Before you ask, yes I did a thorough search, including in StackExchange. I checked out this question Find local minimum in bimodal distribution with r; it has useful stuff, but doesn't go all the way for me.
Here is my data: https://www.dropbox.com/s/ulsw5cfwjnh6tdu/output?dl=0
Actually, I have thousands of files like this - the data is organized into column vectors that I need to plot. Then, for every plot I have to figure out if the distribution is bimodal, and if so, find the x value for that minimum. In the file above, the data in column 2 seems to have a bimodal distribution.

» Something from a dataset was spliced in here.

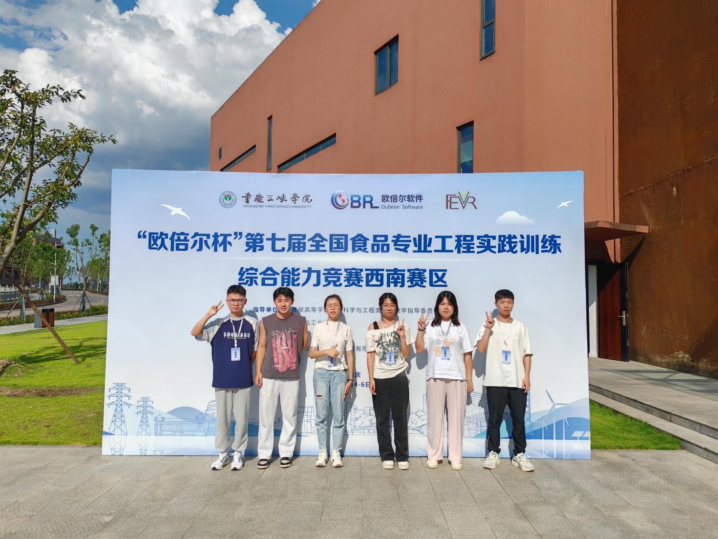 由教育部高等学校食品科学与工程类专业教学指导委员会指导、中国食品工业协会主办的“欧倍尔杯”第七届全国食品专业工程实践训练综合能力竞赛(西南赛区)于7月5日在重庆三峡学院圆满落幕。我院两支参赛队伍与来自西南地区22所高校的38支队伍同场竞技,经过理论考核与虚拟仿真操作两轮激烈角逐,由曾崇轩、王煜鑫、吴浩组成的重庆工商大学一队表现优异,勇夺赛区一等奖,成功获得晋级全国总决赛的资格。张元浩、罗佳文、丁申菊组成的重庆工商大学二队亦有不俗表现。

This code seems to work, but I have to manually specify where the minimum is located:
datafile <- read.table("output")
data <- datafile$V2
d <- density(data) # returns the density data with defaults
hist(data,prob=TRUE)
lines(d)
optimize(approxfun(d$x,d$y),interval=c(5,10))$minimum
The last statement (I got it from Find local minimum in bimodal distribution with r) returns
[1] 6.841577
which seems to be correct. However, I have to hardcode the interval interval=c(5,10), i.e. I have to look at the graph and tell it where to look for the minimum. If I do
optimize(approxfun(d$x,d$y),interval=range(x$V2))$minimum
I get
[1] 25.30096
which is not what I'm looking for.
I have thousands of plots, so this is not an option. Is there any way to automate the process? Please help, I'm absolutely desperate.
P.S. I don't have enough reputation to post the plot. Sorry.